Re: msvcrt printf bug

Emanuel Falkenauer
In reply to this post by Alan W. Irwin
Hello Alan,

On 20-01-17 04:55, Alan W. Irwin wrote:
> Interesting thread.

Glad you enjoy it. To be very honest, I have never expected it to be
blown into those "interstellar" proportions... but, well, there ARE some
pretty fundamental computational issues in stake.

> @Emanuel:
>
> Floating-point representations and calculations are exact for a
> subset of floating point numbers (e.g., positive or negative powers of
> two times an integer). But if you are using arbitrary floating-point
> numbers in your calculations, then I frankly cannot understand your
> result since time and again I have seen examples where compiler
> optimization changes the answer in the 15 place (if you are really
> lucky and it is often much worse than that if you have any
> significance loss which is a common problem if you are solving
> solutions of linear equations). Also consider a number similar to
> 0.4321499999999999999999999 which rounds to either 0.4321 or 0.4322
> depending on minute floating-point errors.  If such numbers appear in
> your log output even heavy rounding is not going to make your logs
> agree for different optimization levels.  Perhaps your logs have no
> arbitrary floating-point numbers in them and instead actually contain
> exact floating-point answers (such as integers, half-integers, etc.)
> or no floating-point decimal output at all?  For example, your log
> could simply say that a certain category of answer was achieved
> without giving exact details, and you should indeed get that same
> result regardless of optimization level if you are well-protected
> (e.g., make no logical decisions based on floating-point comparisons)
> against floating-point errors.

I do see what you're getting at, and frankly I grappled with those same
issues myself as well (huh: about 20 years ago).
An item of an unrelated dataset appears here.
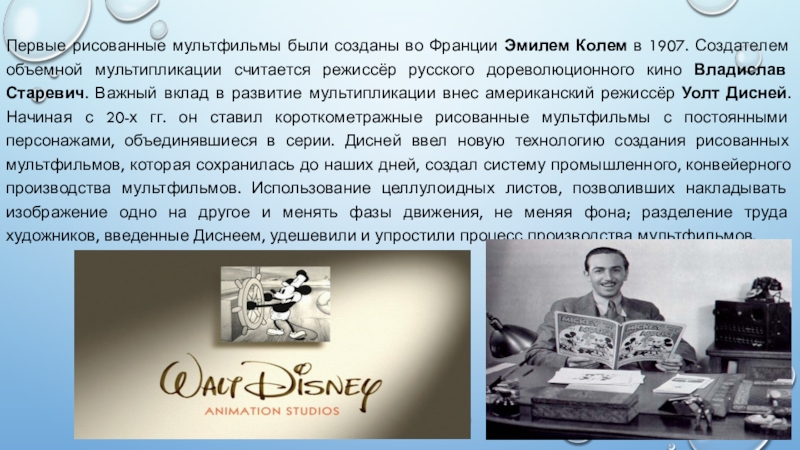 Создателем объемной мультипликации считается режиссёр русского дореволюционного кино Владислав Старевич. Важный вклад в развитие мультипликации внес американский режиссёр Уолт Дисней. Начиная с 20-х гг. он ставил короткометражные рисованные мультфильмы с постоянными персонажами, объединявшиеся в серии. Дисней ввел новую технологию создания рисованных мультфильмов, которая сохранилась до наших дней, создал систему промышленного, конвейерного производства мультфильмов. Использование целлулоидных листов, позволивших накладывать изображение одно на другое и менять фазы движения, не меняя фона; разделение труда художников, введенные Диснеем, удешевили и упростили процесс производства мультфильмов.

But I realized one
FUNDAMENTAL thing: the "minute floating-point errors" you refer to are
NOT RANDOM - they're products of well-defined computations done by the
FPU, which these days is normally IEEE-compliant, at least as basic
operations are concerned (I'm not talking about sqrts and such, which
might well be proprietary). Ergo they MUST yield EXACTLY the same
results (bit-wise), or the IEEE standard is useless. I mean... it's not
as if a FPU had a Schrödinger cat embedded!
Yes, sometimes the results are a bit surprising (e.g. your
0.4321499999999999999999999 instead of 0.43215)... but that doesn't
bother me a bit AS LONG AS the same "surprise" is produced by every
build I produce with whatever toolchain (MinGW, Borland... I even made
our code bitwise-compatible with MS Visual C++! [To no avail, btw: it's
slightly SLOWER than the excellent MinGW craft.]).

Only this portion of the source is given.